Simulated Author's Rebuttal

3 responses · 0 unresolved

We thank the referee for the constructive feedback. We address each major comment point-by-point below, acknowledging where the manuscript can be strengthened through revisions while defending the core empirical claims on the basis of the presented evidence.
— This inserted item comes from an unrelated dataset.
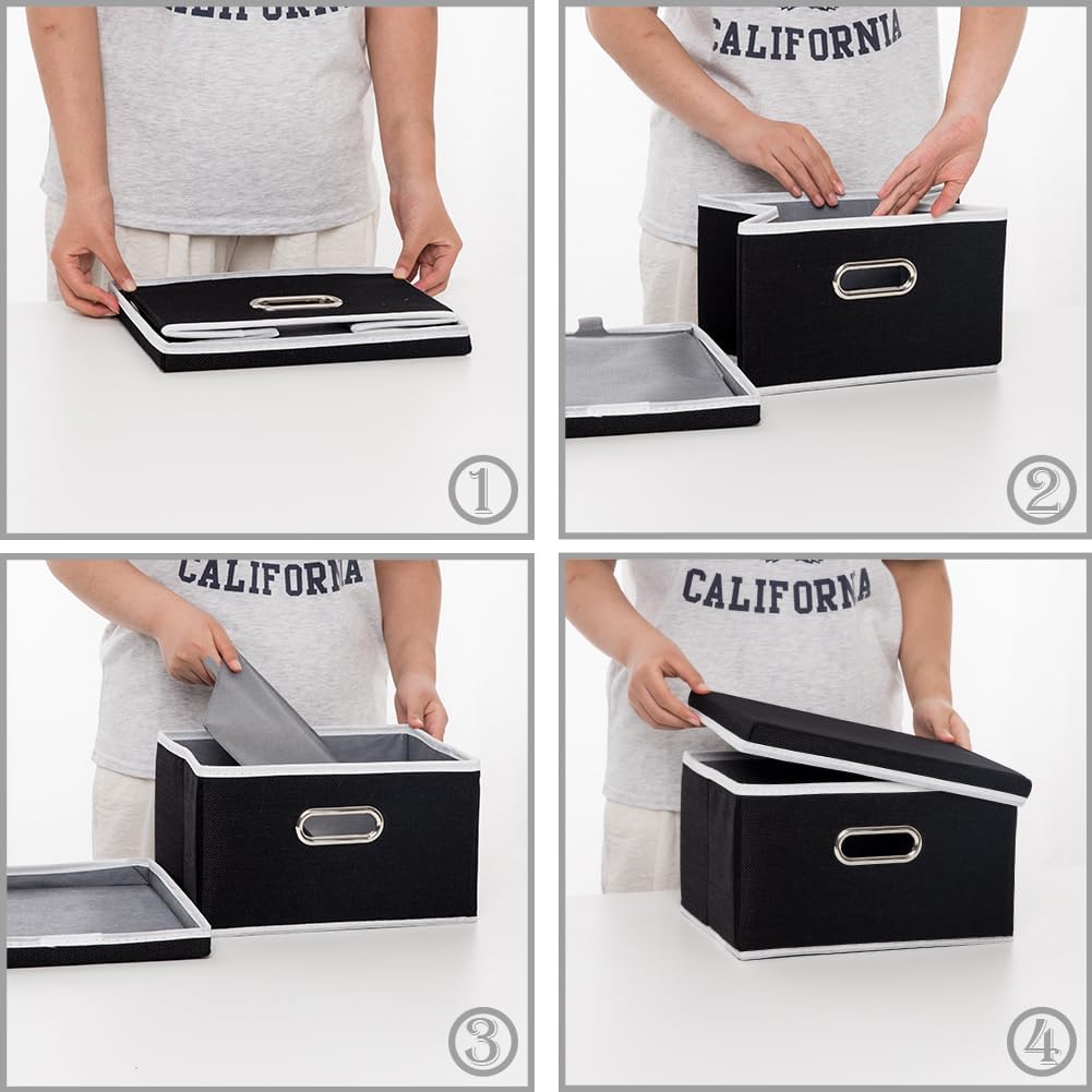PRANDOM Storage Boxes with Lids [3-Pack] Fabric Collapsible Storage Bins Organizer Containers Baskets Cube with Cover for Home Bedroom Closet Office Nursery Black(11.4X8.6X6.7

read point-by-point responses
  1. Referee: [§4, §3.2] the central claim that embeddings separate images 'because of authenticity' rather than correlated low-level statistics (frequency spectra, compression, upsampling) is load-bearing but unsupported by any ablation that controls for these factors. Without such controls, performance could be explained by generator-specific cues rather than natural separation.

    Authors: We agree that explicit controls isolating authenticity signals from low-level artifacts would strengthen the interpretation. The manuscript relies on the fact that the encoders are frozen multimodal models trained on broad real-world data, and the representation-aware curation operates in embedding space rather than pixel space. However, we acknowledge the absence of targeted ablations (e.g., artifact injection on real images). In revision we will add a controlled experiment applying frequency and compression perturbations to real images and measuring classifier degradation to test whether performance tracks authenticity or low-level cues. revision: yes

  2. Referee: [Table 1, §4.3] the reported robustness gains are presented without error bars, multiple random seeds, or statistical tests; it is unclear whether the 10K-set advantage is reliable or could be matched by larger sets with proper regularization.

    Authors: We accept that variance estimates are needed for rigorous comparison. The linear probe training protocol was deterministic in the reported runs, but we will re-execute all Table 1 experiments across five random seeds, report mean and standard deviation, and add a brief statistical comparison (paired t-test) between the 10K curated set and the larger baselines. This will clarify whether the observed gains are stable. revision: yes

  3. Referee: [§3.3] the curation procedure that yields the 10K set is described at a high level; the manuscript must specify the exact similarity metric, clustering method, and how 'representative' is quantified so that the generalization claim can be reproduced or falsified.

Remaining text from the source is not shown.